ICU performance test results. Maintained by ICU-TC.
The performance tests execution and time measurment is a layered process.
- API invocation iteration: A performance test invocation for an API under tests iterates over the full test data and calls the API once for each test data item. The test data item can be a character, word, line, or the entirety of the test data.
- Loops: Calibration runs determine how many of the API invocation iterations can be executed within a given time, typically 5 seconds. The resulting number is called loops.
- Passes: Pre-defined number of performance test tries, typically ten passes. At each pass the API invocation iteration is executed in loops as often as determined by the calibration.

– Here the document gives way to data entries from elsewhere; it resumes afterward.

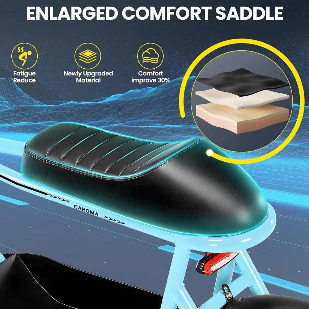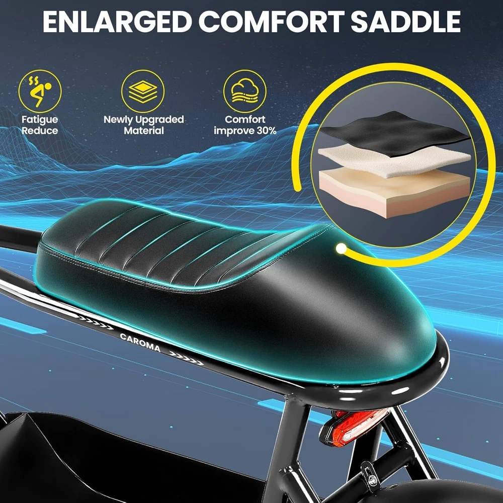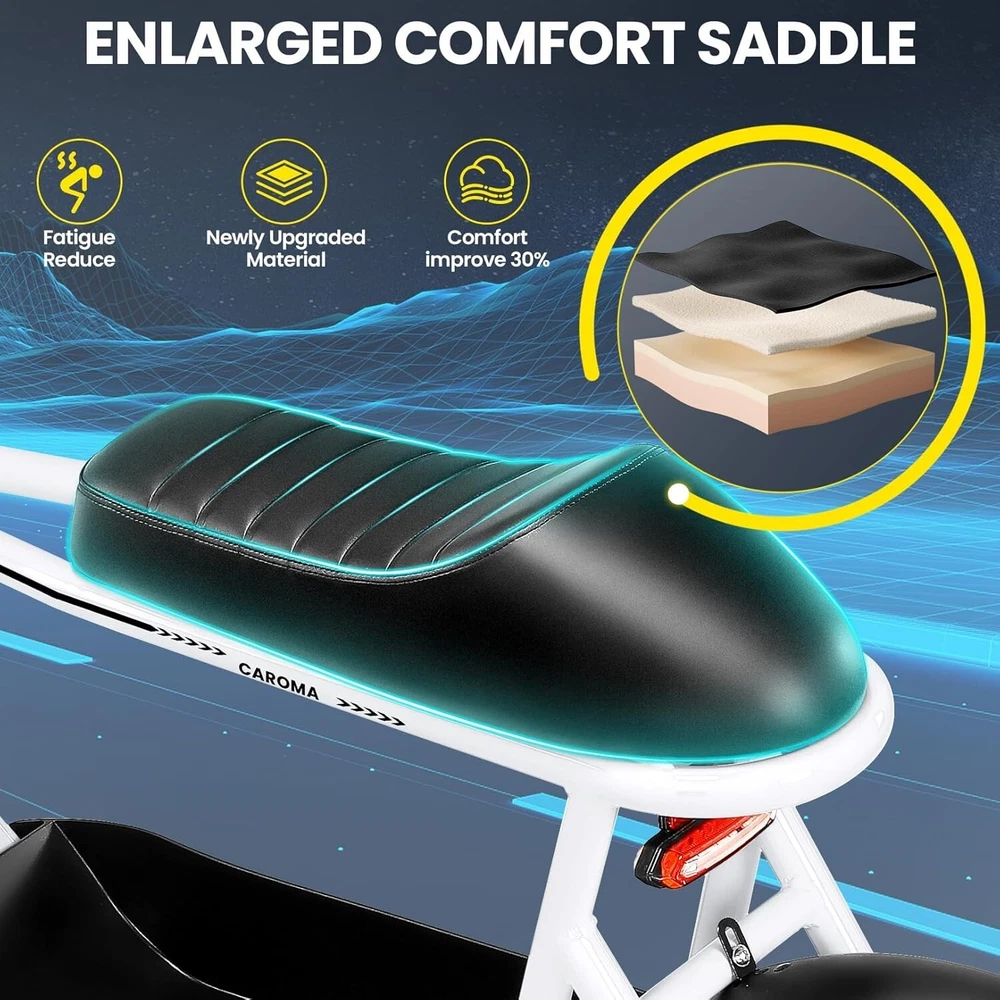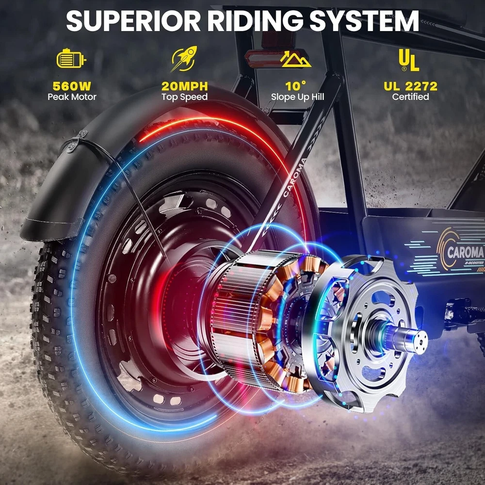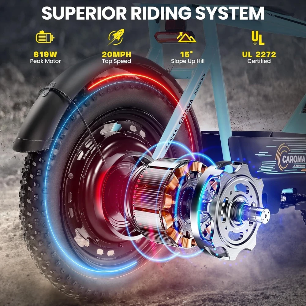 Product Description About this item ใ๐๐ฃ๐๐ฆ๐ช๐ ๐๐ฉ๐ฎ๐ก๐ & ๐๐ฅ๐ค๐ง๐ฉ๐จ ๐๐๐จ๐๐ค๐ฃใ:This ๐บ๐ผ๐๐ผ๐ฟ๐ฐ๐๐ฐ๐น๐ฒ ๐๐๐๐น๐ฒ electric scooter for adults features a ๐๐ป๐ถ๐พ๐๐ฒ ๐ฎ๐ป๐ฑ ๐ถ๐บ๐ฎ๐ด๐ถ๐ป๐ฎ๐๐ถ๐๐ฒ ๐ฑ๐ฒ๐๐ถ๐ด๐ป. The saddle is both delicate and soft, with a strengthened pole that creates a thrilling sports adventure experience. You'll turn heads with this bike and be the envy of others. Join us and try out the latest fashion trend. ใ๐ผ๐ก๐ก-๐๐๐ง๐ง๐๐๐ฃ ๐๐๐จ๐ฉ๐๐ง๐ฎใ:๐ญ๐ฒ*๐ฏ" ๐ณ๐ฎ๐ ๐๐ถ๐ฟ๐ฒ๐ provide a larger contact area, giving the scooter better stability and grip on a variety of surfaces. Fat tires better absorb vibrations on the road, providing a smooth and comfortable ride even on uneven roads,๐ฟ๐ฒ๐ฑ๐๐ฐ๐ถ๐ป๐ด ๐๐ต๐ฒ ๐ฟ๐ถ๐๐ธ of a blowout when driving over sharp objects, more suitable for extreme or irregular terrain, such as off-road mountain or beach, expanding the range of riding environments. ใ๐๐๐๐ ๐ญ๐ฎ๐ฌ๐ฌ๐ช ๐๐ค๐ฉ๐ค๐ง & ๐ฑ๐ฌ๐ฌ๐๐ ๐ฝ๐๐ฉ๐ฉ๐๐ง๐ฎใ: ๐๐๐ฅ๐ข๐ ๐ ๐๐ฏ ๐ฒ๐น๐ฒ๐ฐ๐๐ฟ๐ถ๐ฐ ๐๐ฐ๐ผ๐ผ๐๐ฒ๐ฟ with seat is equipped with a ๐ณ๐ฑ๐ฌ๐ช(๐ฃ๐ฒ๐ฎ๐ธ ๐ญ๐ฎ๐ฌ๐ฌ๐ช) brushless hub motor and ๐ฑ๐ฌ๐ฌ๐ช๐ต long lasting battery, so that it can reach ๐ฎ๐ฌ๐ ๐ฃ๐ top speed and travel up to ๐ฏ๐ฌ ๐บ๐ถ๐น๐ฒ๐ on a single charge. The E sooter can run smoothly even on a ๐ฎ๐ฌยฐ road. ใ๐๐๐ง๐๐๐๐ฉ ๐๐ก๐๐๐ฉ๐ง๐๐ ๐ฝ๐๐ ๐ ๐๐ค๐ง ๐ผ๐๐ช๐ก๐ฉ๐จ ๐๐ฃ๐๐๐ง $๐ฑ๐ญ๐ฌใ:๐๐๐ฅ๐ข๐ ๐ ๐๐ฏ ๐ฒ๐น๐ฒ๐ฐ๐๐ฟ๐ถ๐ฐ ๐๐ฐ๐ผ๐ผ๐๐ฒ๐ฟ is a standout choice with its unbeatable price/performance ratio. Not only does it excel in its price range, but its unique design ensuring you turn heads wherever you go. Electric scooter arrives ๐ด๐ฑ% ๐ฝ๐ฟ๐ฒ-๐ฎ๐๐๐ฒ๐บ๐ฏ๐น๐ฒ๐ฑ. Simply install the front wheel, handlebars, pedal and basket, you're ready to hit the road with ease. ใ๐๐ง๐ช๐จ๐ฉ๐๐ ๐๐ช๐๐ก๐๐ฉ๐ฎ ๐ผ๐จ๐จ๐ช๐ง๐๐ฃ๐๐ใ:The caroma electric scooter is UL 2272 certified. We provide a ๐ญ๐ฎ-๐บ๐ผ๐ป๐๐ต ๐๐ฎ๐ฟ๐ฟ๐ฎ๐ป๐๐ for this electric scooter. If you encounter problems when using the product, please refer to the manual. If the problem cannot be solved, feel free to contact our customer service. ใ๐๐พ๐ฟ ๐ฟ๐๐จ๐ฅ๐ก๐๐ฎ & ๐๐๐๐ ๐ฉ๐ค ๐๐๐๐ใ:The LCD monitor shows the ๐ฏ๐ฎ๐๐๐ฒ๐ฟ๐ ๐น๐ฒ๐๐ฒ๐น of the e scooter, so you can get a clear picture of your riding. The effective front and rear disc brake on the e-scooters provide excellent stability and control. Complete with a ๐ฐ๐ผ๐ผ๐น ๐ต๐ฒ๐ฎ๐ฑ๐น๐ถ๐ด๐ต๐ for optimal safety during night rides. The high-brightness headlight and rear brake light ๐ธ๐ฒ๐ฒ๐ฝ ๐๐ผ๐๐ฟ ๐ฟ๐ถ๐ฑ๐ถ๐ป๐ด ๐๐ฎ๐ณ๐ฒ at night.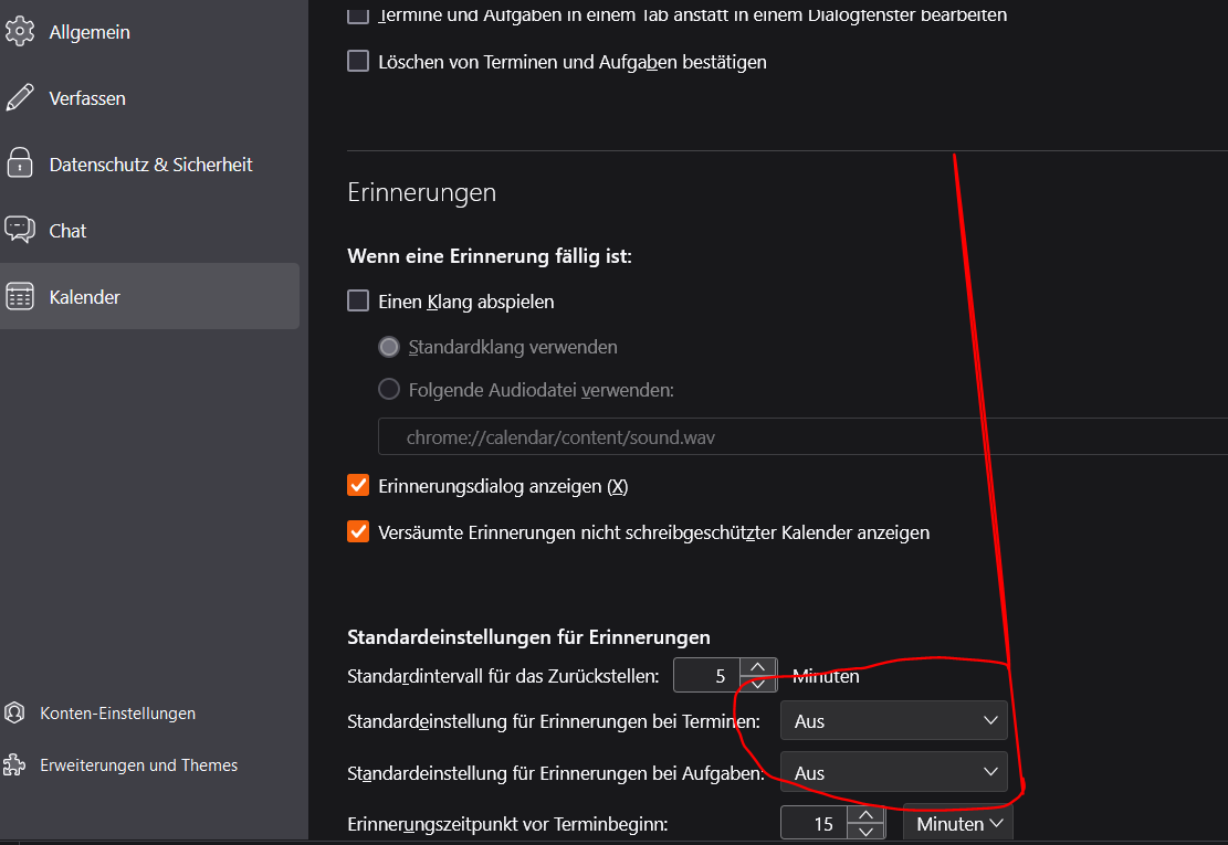 Erinnerungen ABWÄHLEN im TB-Kalender: Wie?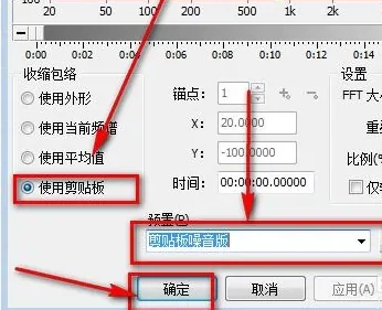 5、在降噪面板里面选择使用剪切板,预置那里也选择剪切板噪音版然后点确定。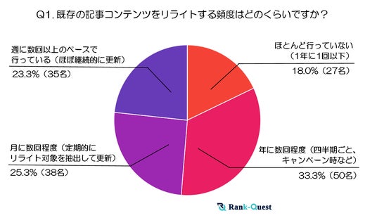 https://rank-quest.jp/column/column/how-to-contents-seo/ )は、2025年2月20日、SEO業務に携わるプロフェッショナル150名を対象にリライトの実態を探る独自調査を実施しました。本調査では、以下の4点を多角的な視点で分析しています。

- Test data: the test data for all ICU character property APIs are all code points from x0 to x10FFFF, i.e. 1,114,112 code points. Each API invocation iteration iterates 1,114,112 times and calls isAlpha() once at each iteration with the respective code point.
- Loops: For illustration, let's assume that the calibration phase determines that the above 1,114,112 iterations can be repeated 1,600 times within 5 seconds.
- Passes: Each pass runs 1,600 loops of 1,114,112 iterations and records the execution time of the 1,600 loops. If the number of passes is set to 10, we get 10 performance numbers.
- Final calculation: The minimum number among the passes is selected and divided by loops*iterations. In this example: "minimum pass"/(1,600 * 1,114,112). The result is the average execution time of one call of isAlpha() from the fastest pass.
The performance tests are all run on Ubuntu and broken out by feature.
-
Charperf Performance tests for character property APIs, cf. the charts. The measured time is for one call of the respective character property API.
-
Utfperf Performance tests for Unicode converters: ucnv_fromUnicode(), ucnv_toUnicode(), ucnv_convertEx(). The measured time is processing time of a codepoint in the input string.
-
Usetperf Performance tests for Uniset APIs add(), contains(), UnicodeSetIterator::get(). Time measured is relative to the size of the USet, which is small (containing U_TITLECASE_LETTER characters) or large (containing U_UNASSIGNED codepoints). Also tests UnicodeSet::applyPattern() for three pre-defined pattern of different complexity.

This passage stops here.